Lately my achilles tendons have been hurting. I am wondering if they hurt since I gained like 10 pounds but didn’t do any running or jumping for a while. They only hurt when I ran or jumped. The pain isn’t that bad really. But when I played baseball two weeks ago my right one was killing. Is it because of lack of strength? Should I do calf raises or something?

Have you been running at all lately or doing any type of physical activity? Normally after a long layoff your tendons are not able to handle as much stress as they used to, and it doesnt help that you’ve gained weight. If you want to continue training you should build up the volume/intensity gradually to allow your connective tissue to get stronger to deal with the increased loads of stress. As far as treating the achilles, you might try one footed body weight calf raises. They dont put too much stress on you and they allow you to strengthen them rather rapidly.

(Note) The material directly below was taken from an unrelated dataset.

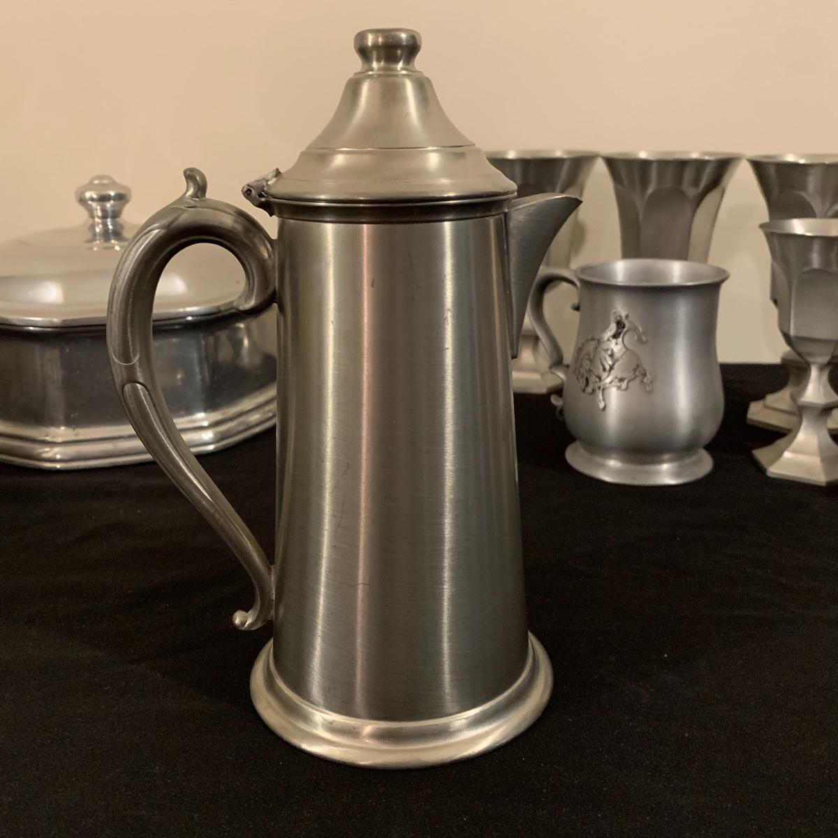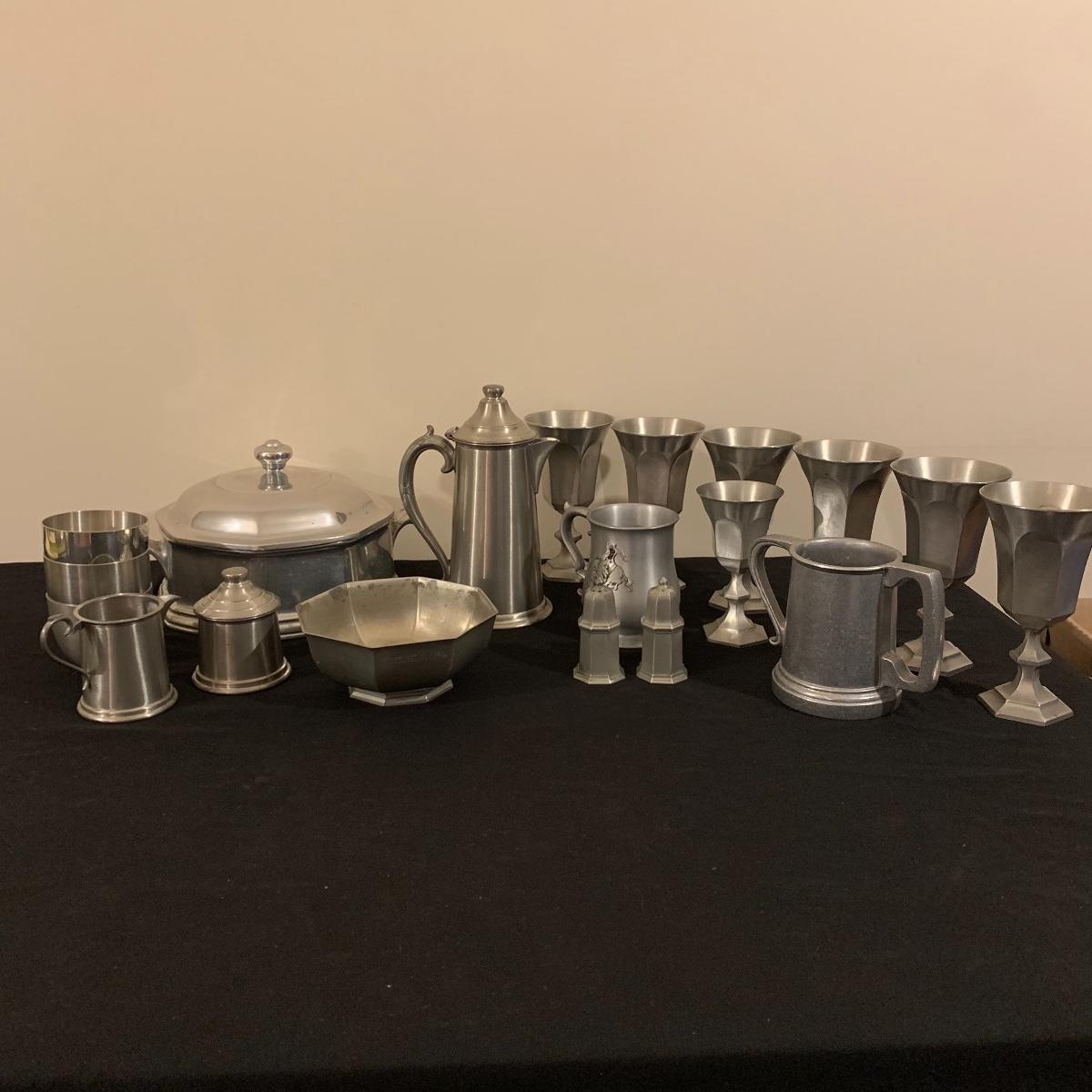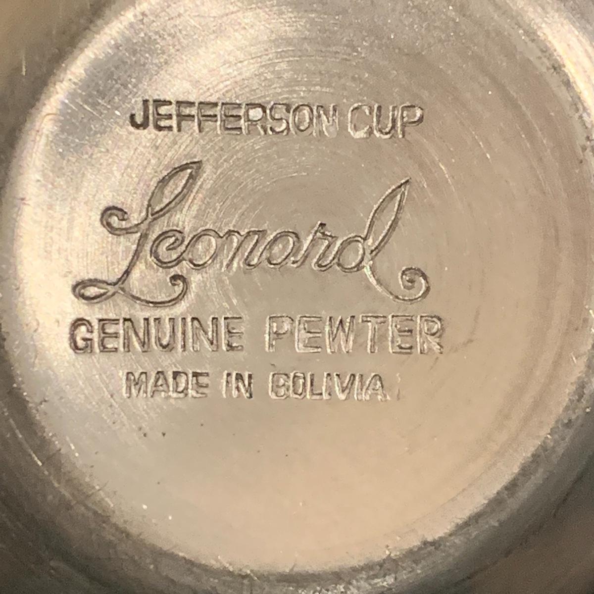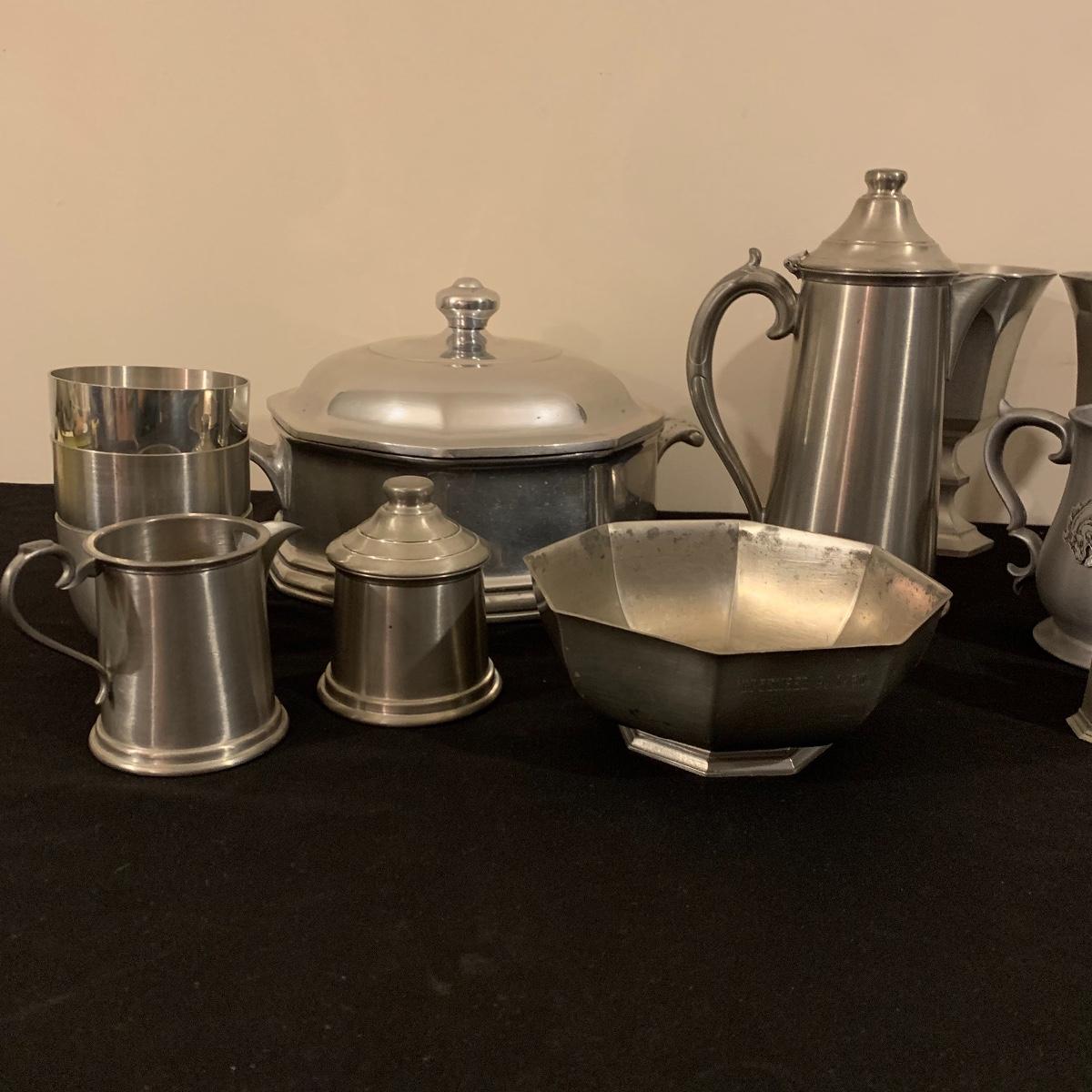 Nice collection of Pewter with most pieces being by Leonard. Large covered dish is Wilton and measures 12” x9” x5”. All three Jefferson cups are by different maker but mostly match. The shinier one is Steiff. Shipping available.

Also, you might try cold water or hot water, I’m not sure about those though. Experiment till you find what alleviates the pain the most.

ive had the same problem…

-lower your volume for a week
-(as mister c said) eccentric calf raises coulda help it
-remember to ice ice ice and ultrasound if possible (also self massage could help)

if you are having troubles with your achilles go into detail about what you have or are doing in maybe increase in load leading to tight calfs which in turn puts unnecessary pressure on the achilles.have you changed shoes,what your alignment like,you may need orthodics and so on. the #1 rule is not to ignore the complaint doing so can ruin a sensable and ease back rather than paying for it big-time

Do you have any pain in your feet (the bottoms)? Are your arches, achilles, or plantar fascia sore when you get up in the morning? When you begin doing something active at what point do you experience pain and does it go away? Do you supinate or pronate when you walk? Do you have significant arches or flat feet?

I had the same thing last season when went I added a weekly plyos session to my routine. Resting will help until you try to train at the same intensity again and the problem comes back.
I needed to find the treat the root cause of the problem rather than just treat the symptoms.
I thought that the problem would probably be either my foot, calf, hammy, glutes, hip or lower back.
I realised how much it would cost to find out and thought ‘stuff that!!’ and I started doing negative calf raises with my knee slightly bent with as much weight as I could so that I could only do about 8 negative reps.
The weights kept going up as my achilles got stronger, the pain went away within a few weeks and I am very happy I didn’t listen to everybody who says you need to rest, ice, NSAI’s, ease back into training and hope that the problem doesn’t come back.

My advice on achilles - listen to X-man

I tried doing bodyweight calf raises and it felt fine. But I didn’t use a full range of motion. But this morning I woke up and my right one is hurting. Is that because it is still damage or because of the calf raises?

qwert,try to get full range of motion while doing the heal drops.i know its hard to do at first as your brain has pain thresholds but you got to get over the fear.begin with the full range and when comfortable increase the drop speed as you gain in confidence.

waking up sore i’m afraid to say is the norm for the moment.just remember to ice the achilles totally after every session to reduce more than likely have micro tares which will have to be threated by a therapist to speed up the healing process.

what ever you do-do not sprint yet.see a therapist get a professional opinion and get the healing ball rolling!